Vickers retraced his original way from the ship without further misadventure, passed through the air lock, still pondering. Until the time he had left Serrnak in his laboratory, everything had appeared to be proceeding favorably. The meteorologist had evidently been convinced of his sincerity — Vickers chalked up another point in favor of the policy of sticking to the truth as much as possible; but the technician on the sixteenth level had been patently anxious to get rid of him. The creature had said the entire force was too busy to show him around the department, and in the same breath had offered to guide him back to the spaceship. A personal dislike, or actual physical repugnance to a member of an alien race might be responsible, of course; but the apparently genuine effort at courtesy suggested some other cause.

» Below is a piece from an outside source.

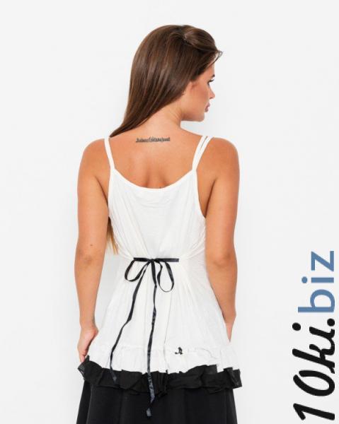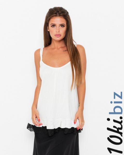 Белая удлиненная майка расклешенного свободного кроя из эластичного однотонного трикотажа и вшитым тонким пояском. Модель на тонких бретельках декорирована двойным нижним воланом и шифоновой черной вставкой.
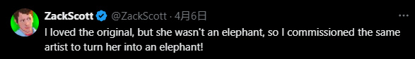 於是,ZackScott這股對大象的喜愛之情,開始變得一發不可收。他深知,單純依賴發推文的方式來“求圖”,註定不可持續發展。唯有依靠“鈔能力”,才能讓全世界知道,大象就是最好的信仰。在這之後,一句“我喜歡原版,但她不是大象,所以我委託原畫師把她變成大象”的宣言,就成了ZackScott日後推文的唯一主題。

Vickers settled down in a well padded chair — his ship was a converted lifeboat, and he had personally fitted it with items of luxury seldom found on such a craft — and gave his mind to the problem. In the first place, no Heklan except Serrnak Deg had had opportunity to become acquainted with him; during the three months in which he had learned the language of this race, Vickers had confined his attention to that one individual, and had caught no more than fleeting glimpses of the other inhabitants of the station. It seemed, therefore, that the Heklan on the sixteenth level either had formed an instantaneous dislike of the Earthman, had acquired one from Deg, or had been ordered by the same individual not to permit Vickers to examine that level. The first possibility the man had already dismissed as unlikely; and the other two posed the same question — to wit, what had he done or said to arouse the Heklan’s suspicion or dislike? Deg must be a fine actor, if Vickers’ opinion of his own ability to judge the expression of the Heklan face was not overrated; for no suggestion of any emotion save friendly interest had been apparent to the man in Serrnak’s attitude.

The conversation of the last hour or two was the most probable source of trouble. Vickers reviewed his words, with the aid of a nearly eidetic memory. He had, in the first place, adhered strictly to the truth in describing the Federation and its method of establishing contact with “new” races. He had described himself as an agent of the Federation, which was his only serious departure from scrupulous verity; but the lie should not have been obvious to Deg. He had answered the Heklan’s questions plausibly — and truthfully, as he recalled. He had known more than one Federation ambassador, and knew their usual troubles.

It was at this point that a recollection of the nature of Deg’s questions suddenly stood out in Vickers’ mind. There had been only one of importance, though he had asked it more than once, and in a variety of ways. The Heklan had been unable to understand why membership in or dealings with the Federation had been refused by some races; and — had he been entirely unmoved by Vickers’ speech, “A certain suspicion of strangers is natural”? A moment later he had said that “naturally” he could not answer for the attitude of the rest of his people; had the inflection of his voice as he uttered that word denoted sarcasm, or some other emotion — or was Vickers’ imagination adding to the picture painted by memory?

The man had not learned so much as he had meant to of the living conditions on Hekla. If the population were small and conditions hard, an instinct of co-operation rather than competition might be dominant; such cases were not unknown. If this were true of Hekia, Deg and his people would not be merely reluctant to have dealings with outsiders; they would be terrified at the mere thought, after the impression the meteorologist must have gained from what Vickers had considered “natural.”